■ The data
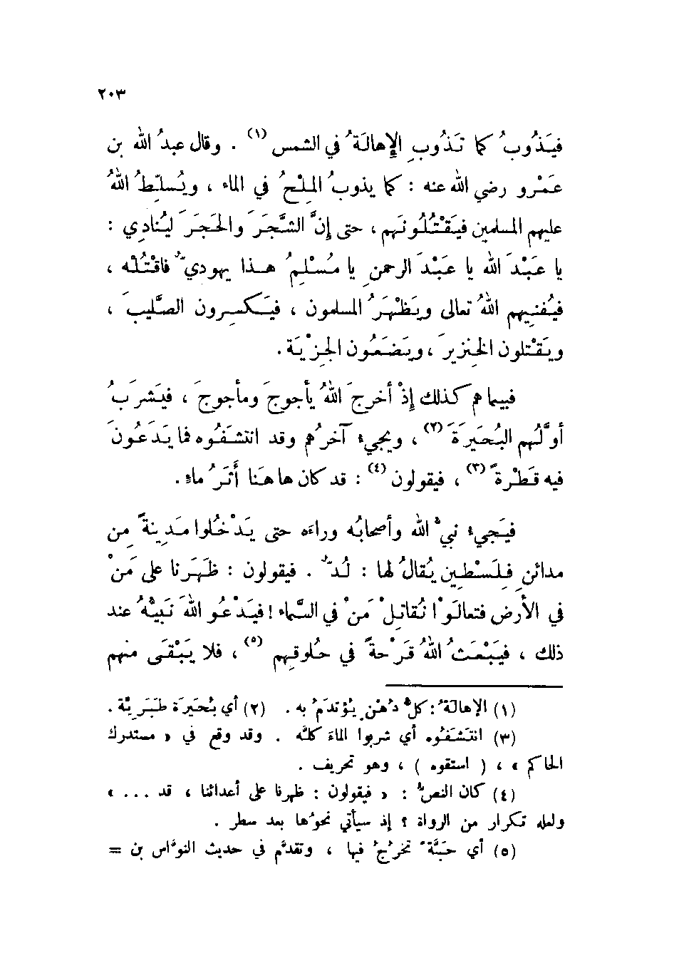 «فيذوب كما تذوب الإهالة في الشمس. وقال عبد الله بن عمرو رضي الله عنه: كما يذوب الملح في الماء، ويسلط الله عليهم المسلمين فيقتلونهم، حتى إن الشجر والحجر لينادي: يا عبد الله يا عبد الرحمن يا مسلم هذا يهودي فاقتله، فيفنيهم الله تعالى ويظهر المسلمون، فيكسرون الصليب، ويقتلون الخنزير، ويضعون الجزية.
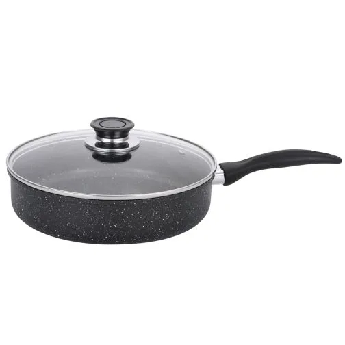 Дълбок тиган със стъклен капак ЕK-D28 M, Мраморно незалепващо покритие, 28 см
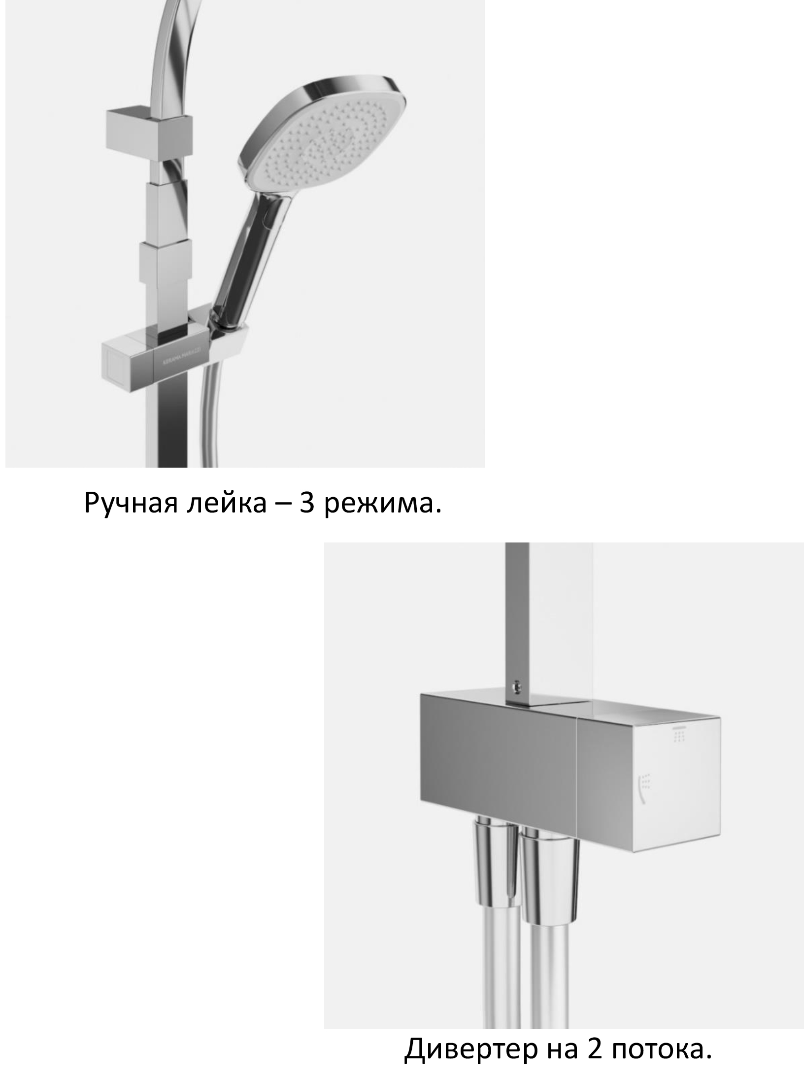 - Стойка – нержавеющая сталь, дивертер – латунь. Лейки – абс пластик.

■ Exercise goal
Set down each line of the material exactly and skip every image.

■ Your solution
 «فيذوب كما تذوب الإهالة في الشمس. وقال عبد الله بن عمرو رضي الله عنه: كما يذوب الملح في الماء، ويسلط الله عليهم المسلمين فيقتلونهم، حتى إن الشجر والحجر لينادي: يا عبد الله يا عبد الرحمن يا مسلم هذا يهودي فاقتله، فيفنيهم الله تعالى ويظهر المسلمون، فيكسرون الصليب، ويقتلون الخنزير، ويضعون الجزية.
 Дълбок тиган със стъклен капак ЕK-D28 M, Мраморно незалепващо покритие, 28 см
 - Стойка – нержавеющая сталь, дивертер – латунь. Лейки – абс пластик.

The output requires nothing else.